Pero ¿qué pasa con el caso de alguien que es inmortal, es decir, cuyo cuerpo y alma son inseparables y nunca se separarán, por lo que nunca morirá? Cuando tal persona come, ¿cuál podría ser el propósito? “Cristo habiendo resucitado de entre los muertos, ya no muere” (Rom. 6:9) nos dice el apóstol. Y, sin embargo, la celebración del misterio de la gloriosa resurrección de Nuestro Señor al tercer día está estrechamente asociada con el comer y beber juntos. Como también nos dice San Pablo: “Cristo, nuestra Pascua, ha sido sacrificada por nosotros, ¡celebremos, pues, la fiesta!” (1 Corintios 5:7-8).

Las apariciones de Nuestro Señor después de su resurrección la mayoría de las veces incluir la toma de una comida. Pregunta a sus apóstoles: “Hijos, ¿tenéis algo de comer?” (Juan 21:5) y luego él mismo, en la gloria de su cuerpo resucitado, asa pescado y pan para sus apóstoles junto al mar de Galilea, y los invita a “venir y comer”; en algunas traducciones, “venid y comed”. desayuno."

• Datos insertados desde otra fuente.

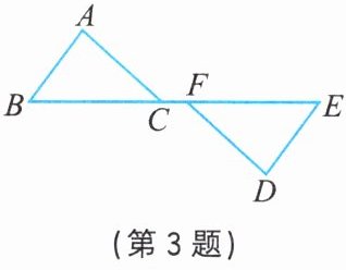 3. 如图,点$B,C,F,E$在同一条直线上,$AC = DF,AB = DE$。要使$\triangle ABC\cong\triangle DEF$,且判定的依据是“SSS”,还需添加一个条件,这个条件可以是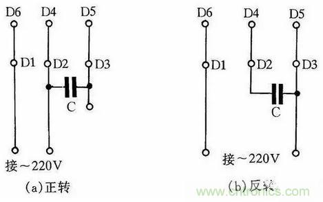 圖4是JX07A-4型單相電容運轉電動機接線方法。電動機功率為60W,用220V/50Hz交流電源、電流為0.5A。它的轉速為每分鐘1400轉。電容選用耐壓400~500V、容量8μF的產品。圖4(a)為正轉接線,圖4(b)為反轉接線。

Es verdaderamente asombroso pensar en cómo el Señor crucificado y resucitado, Dios de toda la creación y primogénito de los muertos, y de hecho, como hombre, primogénito de todas las criaturas, encendió cuidadosamente el fuego y la parrilla y limpió el pescado y los preparó e invitó a sus amigos a una al aire libre comida junto al lago. La piedra donde se sentaron y donde dispuso la comida aún es visible en la iglesia del Primado de San Pedro junto al lago Galileo, no lejos del monte de las Bienaventuranzas. Allí nos dijo que los que tienen hambre y sed de justicia serán saciados.

Por supuesto, el ejemplo más revelador de este comer y beber con el Salvador en su triunfo es la cena en Emaús (Lucas 24), conmemorada en las misas vespertinas del día de Pascua. Allí, no sólo se reclina con ellos, sino que el mismo acto de bendecir y compartir la comida hace que lo reconozcan como el Señor.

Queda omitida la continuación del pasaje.